* EXERCISE PROMPT: From the line containing "フタをカチッと音がするまで倒すと、飲んでいる途中でもフタが戻ってきません。" down to the line containing "அரசு பெண்கள் பள்ளியில்", copy out the entries below exactly, both lines included, and nothing else; pictures do not belong in the copy.

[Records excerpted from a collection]
____

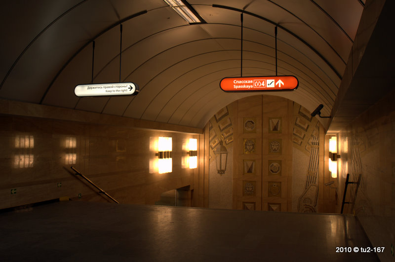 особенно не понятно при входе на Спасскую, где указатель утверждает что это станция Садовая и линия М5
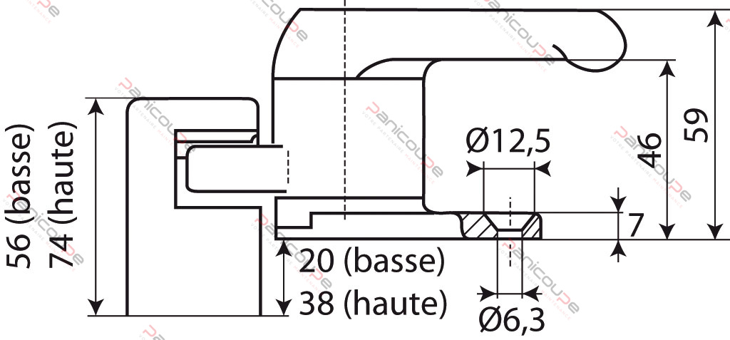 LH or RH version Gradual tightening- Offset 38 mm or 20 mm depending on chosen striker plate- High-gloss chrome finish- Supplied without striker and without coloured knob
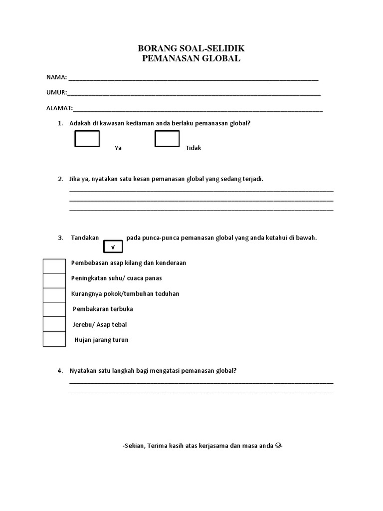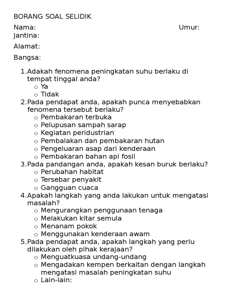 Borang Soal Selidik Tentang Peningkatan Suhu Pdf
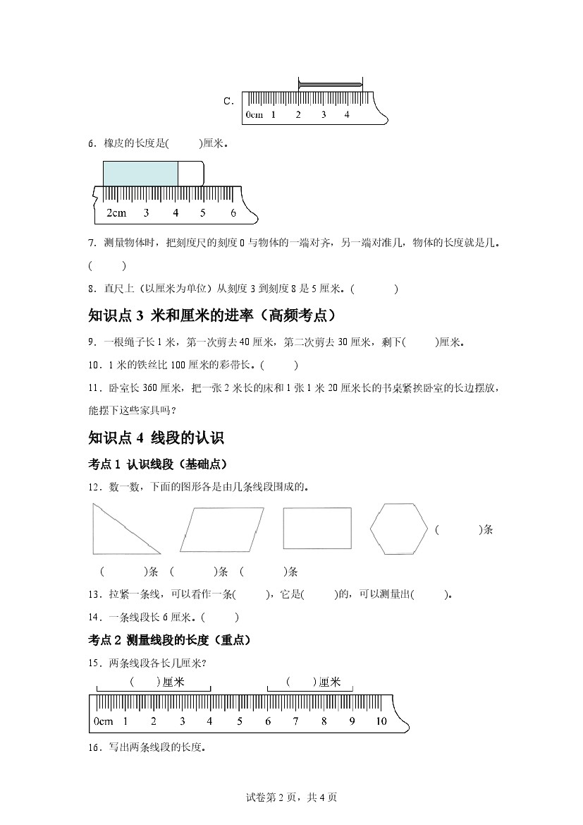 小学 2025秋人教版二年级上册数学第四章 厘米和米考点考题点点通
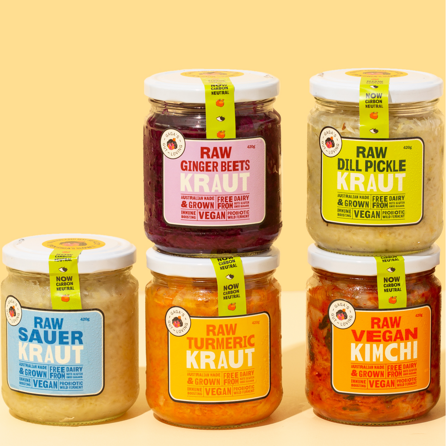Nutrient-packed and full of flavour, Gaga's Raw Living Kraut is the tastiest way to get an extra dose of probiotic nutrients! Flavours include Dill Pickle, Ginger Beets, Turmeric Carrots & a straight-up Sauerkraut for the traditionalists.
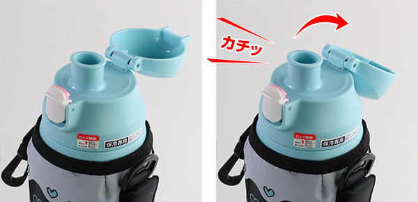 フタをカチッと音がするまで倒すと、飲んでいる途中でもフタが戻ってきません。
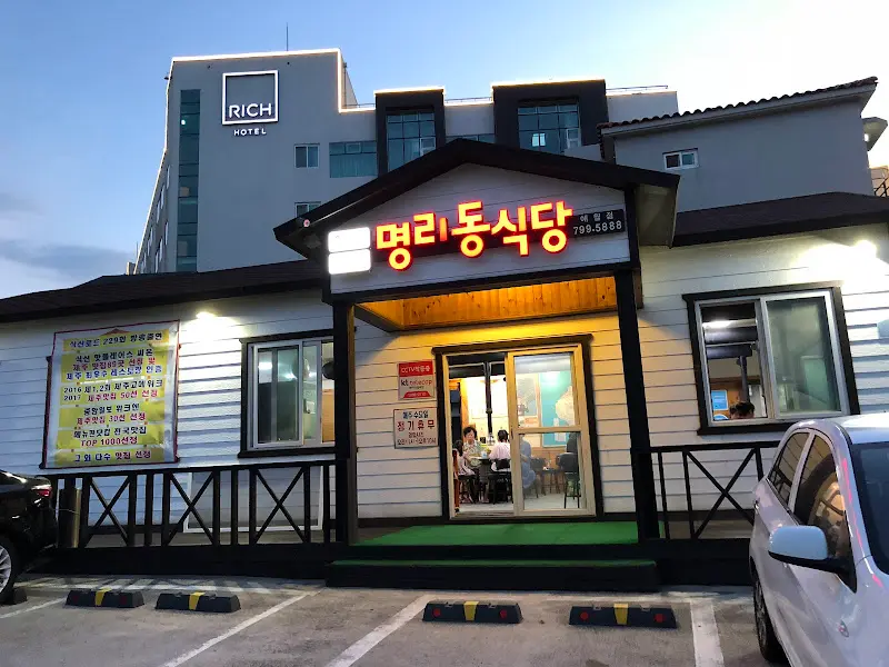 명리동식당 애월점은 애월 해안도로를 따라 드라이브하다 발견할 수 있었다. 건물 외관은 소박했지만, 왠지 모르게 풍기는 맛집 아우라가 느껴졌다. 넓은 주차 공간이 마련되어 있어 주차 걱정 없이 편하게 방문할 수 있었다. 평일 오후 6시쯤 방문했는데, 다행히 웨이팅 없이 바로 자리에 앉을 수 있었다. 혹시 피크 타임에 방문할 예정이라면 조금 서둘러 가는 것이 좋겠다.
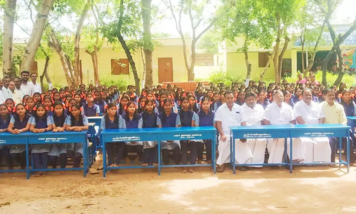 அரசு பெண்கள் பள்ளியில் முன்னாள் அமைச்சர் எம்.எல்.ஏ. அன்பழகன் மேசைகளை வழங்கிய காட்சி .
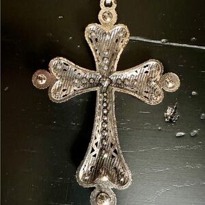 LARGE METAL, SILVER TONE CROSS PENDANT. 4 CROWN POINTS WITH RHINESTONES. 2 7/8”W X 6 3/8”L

____

* RESULT FOR THIS EXERCISE:
 フタをカチッと音がするまで倒すと、飲んでいる途中でもフタが戻ってきません。
 명리동식당 애월점은 애월 해안도로를 따라 드라이브하다 발견할 수 있었다. 건물 외관은 소박했지만, 왠지 모르게 풍기는 맛집 아우라가 느껴졌다. 넓은 주차 공간이 마련되어 있어 주차 걱정 없이 편하게 방문할 수 있었다. 평일 오후 6시쯤 방문했는데, 다행히 웨이팅 없이 바로 자리에 앉을 수 있었다. 혹시 피크 타임에 방문할 예정이라면 조금 서둘러 가는 것이 좋겠다.
 அரசு பெண்கள் பள்ளியில் முன்னாள் அமைச்சர் எம்.எல்.ஏ. அன்பழகன் மேசைகளை வழங்கிய காட்சி .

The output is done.